# Maths personal statement help



## Robert-Y (Sep 17, 2009)

I'm planning on studying maths at university, however I don't feel as though I have much to write about my passion for the subject (I've done a few maths challenges which are sorta competitive). I'm thinking about writing about my devotion and dedication to cubing but I can't seem to link it to maths...

Does anyone have any good advice on writing my personal statement?

Thanks in advance.

EDIT: Sorry I just realised the title is misleading. Can a moderator please add a question mark at the end of the title or change the title to something better? Thank you.


----------



## gpt_kibutz (Sep 17, 2009)

WTF? can't you relate maths and cubing? The cube is full of mathemathics. I think that group theory is the most known example, but i think you can relate probability and statistics to it. The cube has also something to do with topology.


----------



## joey (Sep 17, 2009)

"Yo, I'm Rob Yau. I solve cubes fast. Let me in."


----------



## CharlieCooper (Sep 17, 2009)

Yo Robby,

PM a draft of your statement if you like, I help people do applications online so I can help you out 

Edit: As for actual tips regarding the statement writing, my main advice is not to go overboard on talking about cubing. Mention it as part of other hobbies although link it to your subject, maybe three sentences maximum. I have seen quite a few statements that come across as a bit "braggy" (not saying yours would be), and a tad uninteresting if they rant on about one subject, especially if they are full of stats about achievements. I know somebody who was British champion of a popular mind sport who was declined by Oxbridge and in the feedback that was given to his school it was due to his massive amount of info relating to his skill/achievements. They didn't even mention it in his interview because they knew he wanted them to.

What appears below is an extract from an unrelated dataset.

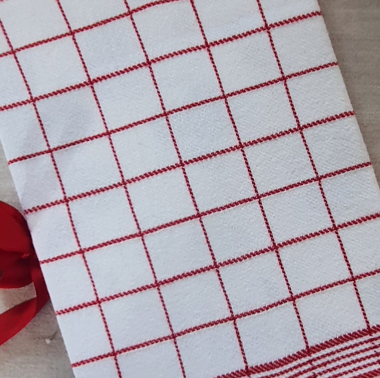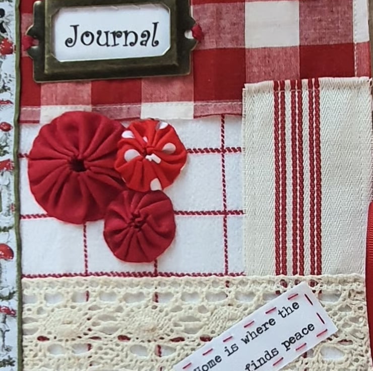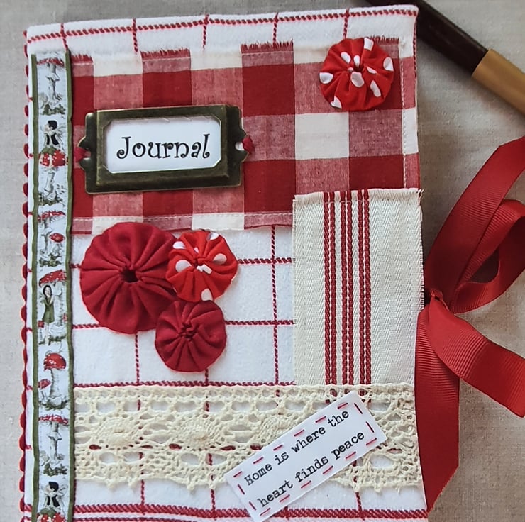This A5 sized journal is covered with a handmade cover, embellished with pretty red fabrics, lace, Suffolk Puffs, and a blank label for you to complete. Ties with a red grosgrain ribbon.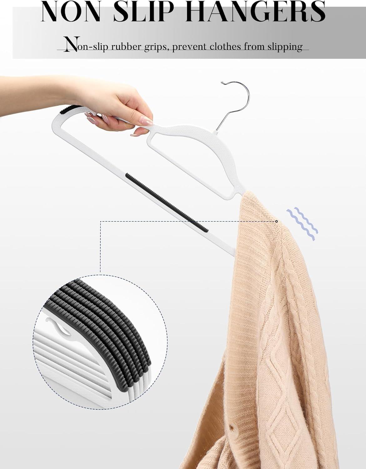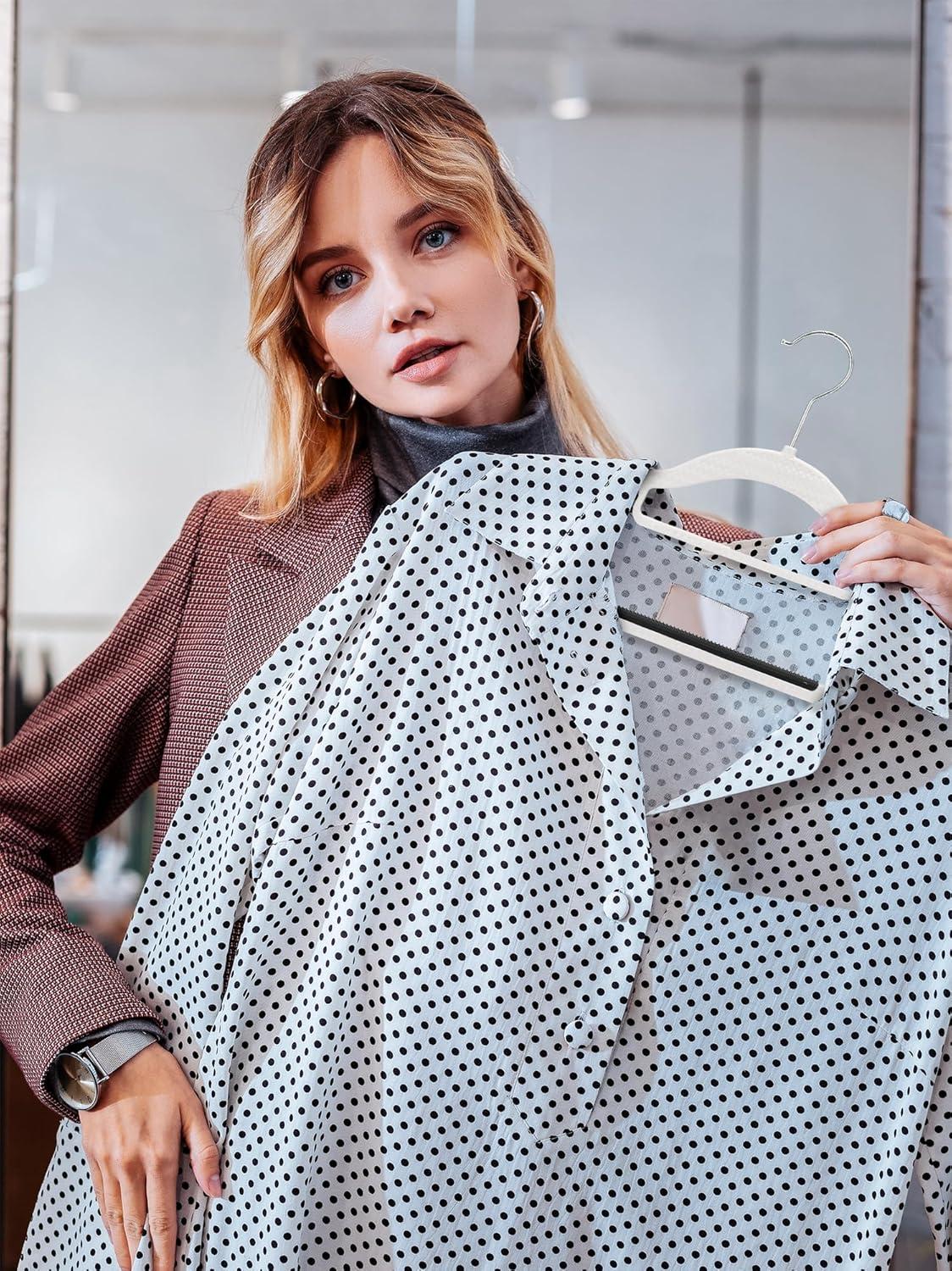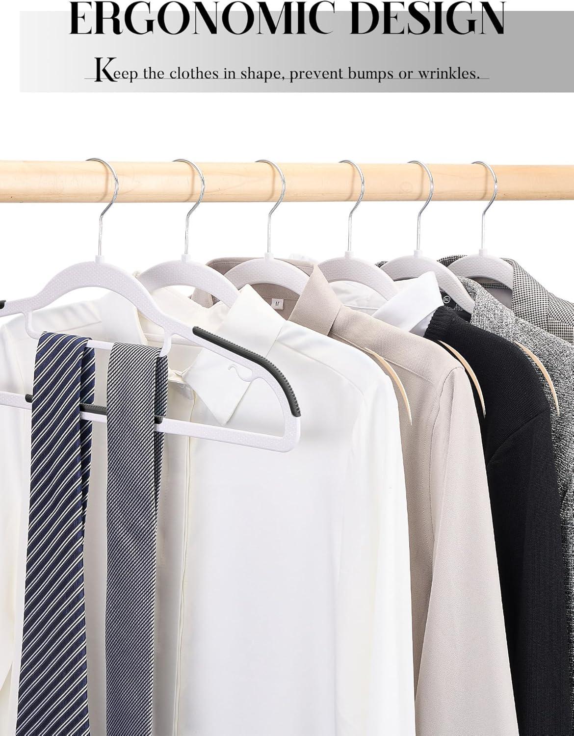 Premium Clothes Hangers 50 Pack: Our coat hangers for closet seamlessly blend functionality with style. Each no slip hangers' surface is thoughtfully designed to eliminate sharp edges that could potentially snag or tear your clothing. With curved shoulders that mimic the natural shape of human shoulders, these hangers prevent fabric from stretching, creasing, or developing indentations, ensuring your clothing remains in pristine condition.

I'm not mathematical in the slightest, but I would try to mention things that you have done outside of school that would enhance your application and put you aside from others. Naturally mention your success in maths challenges etc, but others will have that. If you are aiming for top universities, make it known that you have studied beyond the curriculum and mention perhaps one area in particular that has interested you. Make sure you actually know about it though should it arise in an interview. At this point group theory (she says, knowing nothing about it...) may be a way in which to introduce speedsolving, but I would try to keep that in the hobbies section of your statement. Oh and make sure you explain what speedsolving is...  Obviously.


----------



## a small kitten (Sep 17, 2009)

I mean no disrespect but if you are writing a personal statement for a university and you have little to say about the subject you will for the most part spend your life doing then you may have to think about what you really want. What makes you want to do math on a university level? Is there something about math that separates it from other subjects?

So here's my advice: You should try to find the answer in yourself. It is a personal statement after all. Aside from advice like "don't brag", anything we say pertaining to your interest in math is just going to make it less personal and less honest.

Kids have been doing math ever since grade school. However, when they go to college a lot of their majors don't require them to do a lot of math and they kinda stop (like me). What makes you want to continue to devote yourself to math? Math is a very difficult but rewarding major. How does your background and interest in the subject prepare you for this? 

Hope these random questions help. Sorry for being so wordy and cynical.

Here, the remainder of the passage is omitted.